As is common in hardware systems, most sub-modules do not complete on the same clock cycle. Therefore, if two modules (A and B) run parallel so that both output to a common third module (C), you must ensure A and B complete before attempting C. Do not AND the Done signals from A and B since they have little chance of happening on the same cycle; in that situation, the AND will block all Done signals. Instead, use the Sync object.
The SyncClr object will take as an input a list of Done signals and produce from those a single Done pulse when all the Done signals included in the list have fired. It returns a list of Busy signals formatted to the same list structure of Done signals coming in. You can use the ListOut objects to combine your signals for the Done and the ListIn objects to split the Busy signals.

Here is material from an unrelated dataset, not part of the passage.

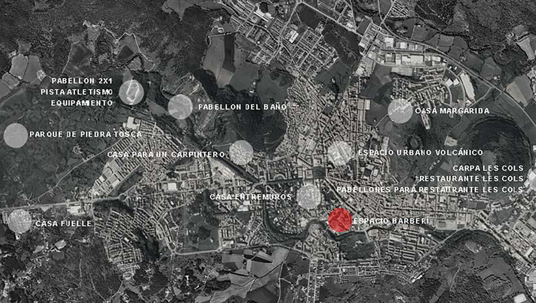 Plànol de localizació Espai Barberí i Obra de RCR (Cortesia RCR LAB·A Summer Workshop)

Syncs are built into what is called a SyncRegClr, and SyncRegPair. SynchRegClrs are built into most top-level operators such as Add and Mul, which is why the variant Done and Busy nodes are on most top-level objects.

The $Mul_MinHW (Complex) provides a good example of Synchronizing objects.

Note the following:
· The Busy signals coming off the first group of parallel objects are OR’ed together and before output. That lets objects upstream know that at least one $Mul object is busy; therefore, you don't want their data at the moment. It's tempting to pack those into a list but you’ve only got one Go signal; there is no value in individual Busy signals in this case.

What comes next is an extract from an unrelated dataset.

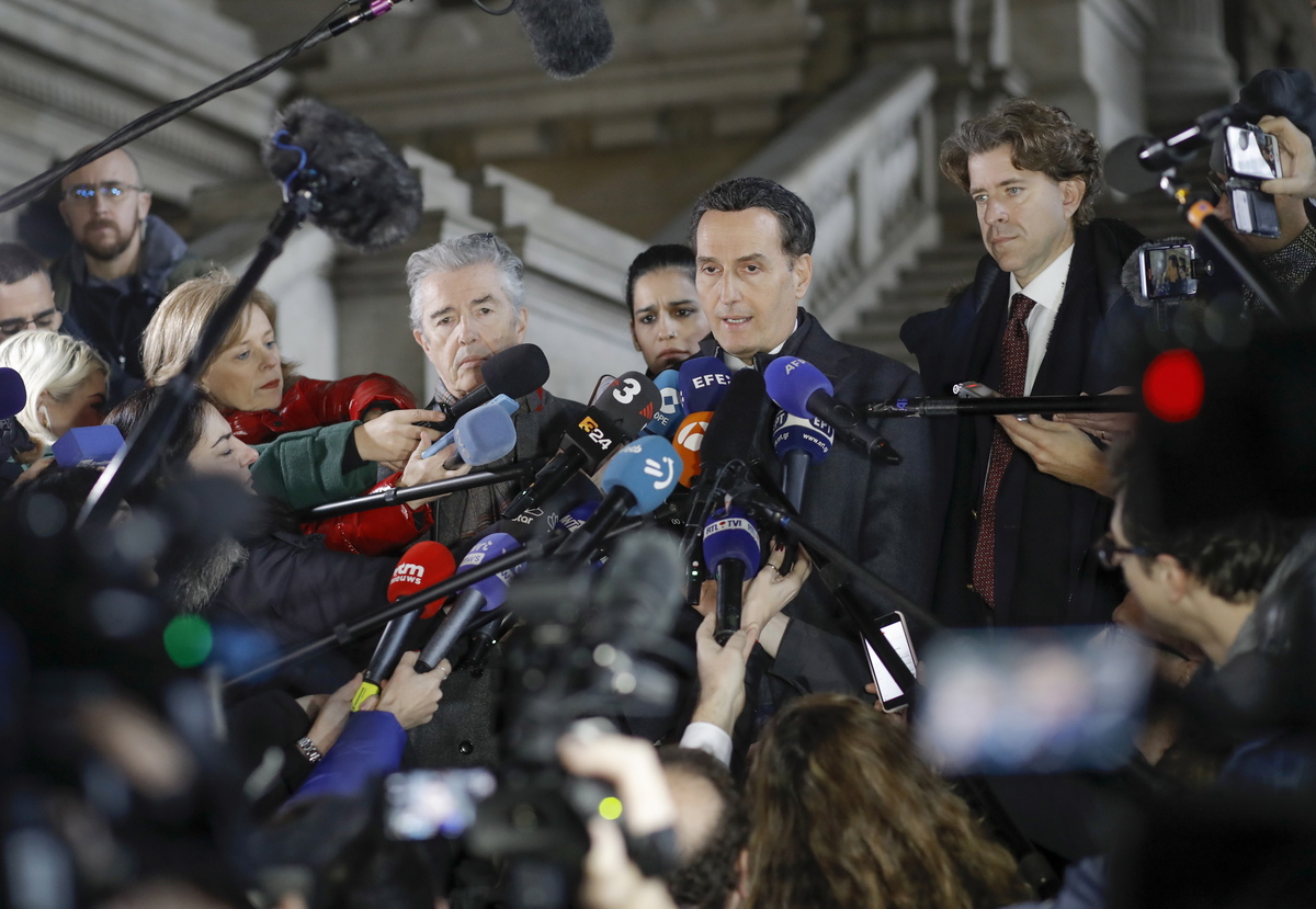 epa10376230 Michalis Dimitrakopoulos, lawyer of Eva Kaili, speaks to the media after a pre-trial court hearing in Brussels, Belgium, 22 December 2022. Kaili was dismissed on 13 December from the vice presidency of the European Parliament over allegations of corruption. The Greek MEP and three other suspects were arrested by Belgian police as part of an investigation into suspected corruption and money laundering. EPA/OLIVIER HOSLET

· Remember the Add and Sub have Sync objects built into them, which is why you can plug lists into the Go signals on them.
· Notice the Busy signals are split the same way the Done signals are combined.
· You will see the Sync object at the end. This forces both the Add and Sub to have completed before the data at P is ready. The incoming wait is plugged in there as well, forcing the Add and Sub to output the same data when high and forcing the whole object to propagate a stall.